#### What you need to do
Among the entries below, only the lines starting at the one with "[RGB LED backlight]" and ending at the one with "パジャマはワコール製?上下セパレートで光沢ある生地の肌触りがよかったです。", both included, are to be printed exactly.

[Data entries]
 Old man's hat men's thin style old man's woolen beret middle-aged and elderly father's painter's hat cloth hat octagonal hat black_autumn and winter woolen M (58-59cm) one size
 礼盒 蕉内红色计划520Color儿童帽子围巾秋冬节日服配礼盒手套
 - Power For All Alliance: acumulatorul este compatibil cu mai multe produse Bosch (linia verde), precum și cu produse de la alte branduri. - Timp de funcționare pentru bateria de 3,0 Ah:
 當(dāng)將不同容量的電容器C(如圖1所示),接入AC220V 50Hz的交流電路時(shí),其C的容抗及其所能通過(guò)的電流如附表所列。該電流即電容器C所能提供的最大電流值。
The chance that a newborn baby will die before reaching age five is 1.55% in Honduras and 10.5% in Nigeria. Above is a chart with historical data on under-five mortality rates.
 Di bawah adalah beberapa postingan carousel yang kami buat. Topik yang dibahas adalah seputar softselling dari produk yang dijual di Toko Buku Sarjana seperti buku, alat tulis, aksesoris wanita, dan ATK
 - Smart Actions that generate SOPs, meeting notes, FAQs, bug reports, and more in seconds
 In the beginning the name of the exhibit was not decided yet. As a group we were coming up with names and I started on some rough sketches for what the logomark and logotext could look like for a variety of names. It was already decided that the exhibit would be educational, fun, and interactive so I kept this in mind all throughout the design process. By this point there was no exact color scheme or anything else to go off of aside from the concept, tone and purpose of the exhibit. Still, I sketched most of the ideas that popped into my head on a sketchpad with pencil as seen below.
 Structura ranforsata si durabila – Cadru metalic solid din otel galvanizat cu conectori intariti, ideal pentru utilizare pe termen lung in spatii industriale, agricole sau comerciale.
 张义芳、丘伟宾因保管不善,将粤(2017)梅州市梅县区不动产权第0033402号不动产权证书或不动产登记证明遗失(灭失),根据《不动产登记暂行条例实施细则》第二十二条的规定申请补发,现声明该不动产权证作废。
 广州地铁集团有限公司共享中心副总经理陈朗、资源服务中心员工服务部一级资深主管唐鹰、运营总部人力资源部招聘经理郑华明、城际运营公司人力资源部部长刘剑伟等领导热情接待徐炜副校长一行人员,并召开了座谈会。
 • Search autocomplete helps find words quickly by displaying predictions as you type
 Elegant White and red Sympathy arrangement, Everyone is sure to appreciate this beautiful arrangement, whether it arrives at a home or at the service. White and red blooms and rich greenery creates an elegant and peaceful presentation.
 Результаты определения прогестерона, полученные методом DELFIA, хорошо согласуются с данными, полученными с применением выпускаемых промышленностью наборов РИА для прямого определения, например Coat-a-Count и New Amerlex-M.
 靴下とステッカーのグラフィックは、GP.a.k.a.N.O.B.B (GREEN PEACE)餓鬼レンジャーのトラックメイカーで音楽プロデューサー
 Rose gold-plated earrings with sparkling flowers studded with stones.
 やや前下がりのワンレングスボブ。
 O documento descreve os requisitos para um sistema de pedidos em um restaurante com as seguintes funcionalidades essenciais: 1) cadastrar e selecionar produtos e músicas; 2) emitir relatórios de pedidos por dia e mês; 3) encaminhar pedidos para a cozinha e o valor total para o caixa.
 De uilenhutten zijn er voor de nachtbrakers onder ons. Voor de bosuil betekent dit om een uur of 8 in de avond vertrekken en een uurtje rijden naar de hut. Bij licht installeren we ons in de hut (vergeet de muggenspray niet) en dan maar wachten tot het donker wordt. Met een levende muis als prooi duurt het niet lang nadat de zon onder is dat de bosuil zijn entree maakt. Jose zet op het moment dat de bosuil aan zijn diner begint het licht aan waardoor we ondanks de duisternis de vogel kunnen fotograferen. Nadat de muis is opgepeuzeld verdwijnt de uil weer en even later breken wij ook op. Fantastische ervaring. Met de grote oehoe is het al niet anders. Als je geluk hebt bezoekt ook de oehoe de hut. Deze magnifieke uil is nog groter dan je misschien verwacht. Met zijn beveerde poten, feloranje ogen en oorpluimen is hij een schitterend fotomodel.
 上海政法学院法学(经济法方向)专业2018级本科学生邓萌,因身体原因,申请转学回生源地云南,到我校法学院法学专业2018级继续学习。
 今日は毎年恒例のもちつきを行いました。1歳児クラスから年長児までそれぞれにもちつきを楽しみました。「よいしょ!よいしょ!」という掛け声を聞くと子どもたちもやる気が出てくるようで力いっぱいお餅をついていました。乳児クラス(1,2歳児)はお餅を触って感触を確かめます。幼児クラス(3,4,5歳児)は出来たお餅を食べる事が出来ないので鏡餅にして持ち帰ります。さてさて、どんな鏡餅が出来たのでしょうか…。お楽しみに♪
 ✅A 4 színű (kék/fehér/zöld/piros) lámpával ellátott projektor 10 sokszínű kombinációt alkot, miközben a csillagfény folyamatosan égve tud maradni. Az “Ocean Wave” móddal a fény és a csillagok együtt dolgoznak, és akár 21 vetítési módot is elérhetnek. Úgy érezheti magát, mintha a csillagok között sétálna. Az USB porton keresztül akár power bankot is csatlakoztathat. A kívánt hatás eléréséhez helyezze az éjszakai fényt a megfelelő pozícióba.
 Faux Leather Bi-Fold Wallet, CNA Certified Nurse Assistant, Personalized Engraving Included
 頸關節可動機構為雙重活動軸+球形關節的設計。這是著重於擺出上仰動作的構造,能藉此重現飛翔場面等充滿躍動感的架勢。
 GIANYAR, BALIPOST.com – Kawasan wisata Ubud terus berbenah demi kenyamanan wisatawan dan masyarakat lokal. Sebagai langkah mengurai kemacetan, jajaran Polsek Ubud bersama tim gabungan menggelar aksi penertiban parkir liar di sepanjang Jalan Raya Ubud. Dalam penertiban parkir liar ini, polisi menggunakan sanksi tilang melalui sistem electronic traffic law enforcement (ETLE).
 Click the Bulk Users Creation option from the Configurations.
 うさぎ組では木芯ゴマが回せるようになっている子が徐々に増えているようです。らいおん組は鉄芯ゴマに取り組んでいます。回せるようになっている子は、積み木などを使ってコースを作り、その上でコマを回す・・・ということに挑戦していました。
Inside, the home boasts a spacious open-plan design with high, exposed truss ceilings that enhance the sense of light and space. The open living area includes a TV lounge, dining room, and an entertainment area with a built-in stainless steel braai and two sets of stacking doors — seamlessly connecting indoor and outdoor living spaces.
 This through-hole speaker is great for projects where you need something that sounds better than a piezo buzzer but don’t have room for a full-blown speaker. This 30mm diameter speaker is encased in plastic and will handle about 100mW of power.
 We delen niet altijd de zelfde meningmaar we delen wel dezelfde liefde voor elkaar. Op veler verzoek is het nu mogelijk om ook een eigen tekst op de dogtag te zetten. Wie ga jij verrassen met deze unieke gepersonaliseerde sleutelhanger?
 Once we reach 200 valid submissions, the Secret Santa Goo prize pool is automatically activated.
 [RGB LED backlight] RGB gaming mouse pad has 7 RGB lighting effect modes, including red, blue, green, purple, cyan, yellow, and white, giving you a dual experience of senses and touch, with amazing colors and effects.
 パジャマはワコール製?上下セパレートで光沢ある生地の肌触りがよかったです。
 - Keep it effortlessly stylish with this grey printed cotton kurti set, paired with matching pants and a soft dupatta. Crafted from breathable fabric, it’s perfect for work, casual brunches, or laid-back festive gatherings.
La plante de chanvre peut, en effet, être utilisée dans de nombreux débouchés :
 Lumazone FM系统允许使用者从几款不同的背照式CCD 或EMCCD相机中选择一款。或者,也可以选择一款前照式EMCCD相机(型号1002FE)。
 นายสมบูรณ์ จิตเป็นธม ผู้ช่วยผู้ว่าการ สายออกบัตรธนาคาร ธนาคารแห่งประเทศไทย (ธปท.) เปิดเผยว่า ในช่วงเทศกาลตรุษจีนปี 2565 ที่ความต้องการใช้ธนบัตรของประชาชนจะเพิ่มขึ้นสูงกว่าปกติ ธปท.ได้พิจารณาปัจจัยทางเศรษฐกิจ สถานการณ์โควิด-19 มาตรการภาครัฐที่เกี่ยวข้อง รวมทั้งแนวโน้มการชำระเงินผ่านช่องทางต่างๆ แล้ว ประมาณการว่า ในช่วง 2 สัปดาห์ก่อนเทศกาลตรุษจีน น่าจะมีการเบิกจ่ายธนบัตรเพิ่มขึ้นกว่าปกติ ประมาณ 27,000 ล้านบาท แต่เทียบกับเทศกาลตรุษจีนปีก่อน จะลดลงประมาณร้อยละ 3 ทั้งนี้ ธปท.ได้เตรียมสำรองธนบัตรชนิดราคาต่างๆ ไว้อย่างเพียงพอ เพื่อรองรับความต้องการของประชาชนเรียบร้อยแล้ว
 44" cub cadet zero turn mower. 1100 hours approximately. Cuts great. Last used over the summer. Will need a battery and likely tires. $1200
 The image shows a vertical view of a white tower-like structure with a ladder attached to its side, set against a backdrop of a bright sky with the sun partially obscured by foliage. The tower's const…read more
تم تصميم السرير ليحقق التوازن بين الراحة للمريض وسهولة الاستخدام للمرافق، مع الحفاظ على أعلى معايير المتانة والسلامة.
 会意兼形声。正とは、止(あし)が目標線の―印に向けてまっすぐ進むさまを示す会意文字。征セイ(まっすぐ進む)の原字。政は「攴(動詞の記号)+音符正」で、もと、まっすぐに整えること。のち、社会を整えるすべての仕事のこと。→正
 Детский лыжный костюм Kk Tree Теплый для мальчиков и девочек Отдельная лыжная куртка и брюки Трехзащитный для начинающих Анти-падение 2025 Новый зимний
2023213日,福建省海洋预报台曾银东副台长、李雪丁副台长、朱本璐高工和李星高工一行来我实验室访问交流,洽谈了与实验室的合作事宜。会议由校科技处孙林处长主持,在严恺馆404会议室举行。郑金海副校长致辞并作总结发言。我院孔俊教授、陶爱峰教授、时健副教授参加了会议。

#### Result of this task
 [RGB LED backlight] RGB gaming mouse pad has 7 RGB lighting effect modes, including red, blue, green, purple, cyan, yellow, and white, giving you a dual experience of senses and touch, with amazing colors and effects.
 パジャマはワコール製?上下セパレートで光沢ある生地の肌触りがよかったです。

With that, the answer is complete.